- Scene from "A Small Talent for War"
- Episode no.: Season 1 Episode 15b
- Directed by: Claudia Weill
- Written by: Alan Brennert; Carter Scholz;
- Original air date: January 24, 1986

Guest appearances
- John Glover as Alien Ambassador; Peter Michael Goetz as American Diplomat; Stefan Gierasch as Soviet Diplomat; Fran Bennett as UN Chairman; Jose Santana as U.S. Aide; Gillian Eaton as British Delegate; Richard Brestoff as British Aide;

Episode chronology
| ← Previous "Monsters!" | Next → "A Matter of Minutes" |

= A Small Talent for War =

"A Small Talent for War" is the second segment of the fifteenth episode of the first season of the television series The Twilight Zone. In this segment, an advanced alien race claims to have created human beings and proposes to wipe them out unless they change their ways.

==Plot==
The scene is set with the United Nations Security Council bickering between nations over how to respond to the appearance of an extraterrestrial vessel near the council building.

An ambassador from an alien race then appears to them and claims that his race seeded life on Earth millions of years earlier. He tells them that his race is displeased with humanity's "small talent for war," as they have failed to produce the potential that the aliens had nurtured, and his fleet will destroy all life on Earth. The Security Council pleads for and is granted a 24-hour reprieve to prove humanity's worth.
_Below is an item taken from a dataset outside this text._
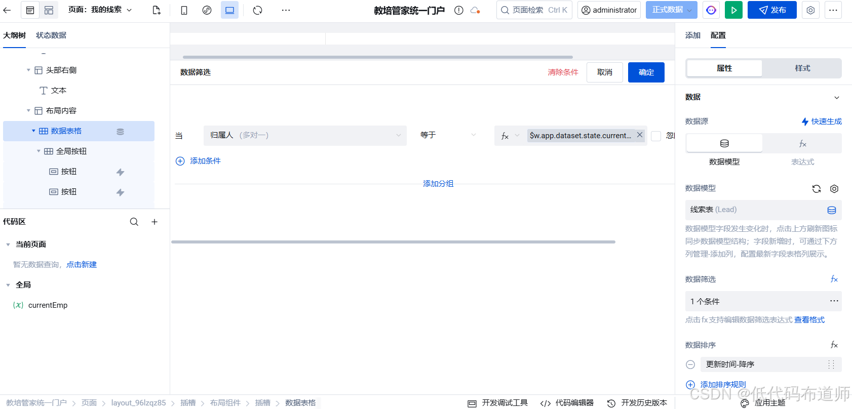 归属人 (owner_id)等于 (Equals)全局变量.currentEmp._id。

The Security Council and the General Assembly negotiate an accord for lasting global peace and present it to the alien ambassador. He is amused at the peace accord and explains that his race was, in fact, seeking a greater talent for war, as they had genetically seeded thousands of planets to breed warriors to fight for them across the galaxy. They perceived humanity's conflicts as erratic and clumsy, weapons as crude and primitive, and longing for peace as a fatal flaw. As the ambassador calls down his fleet to destroy Earth, he praises the Security Council for the amusing day, commenting that while war is their goal, good humor is an even more difficult talent to master.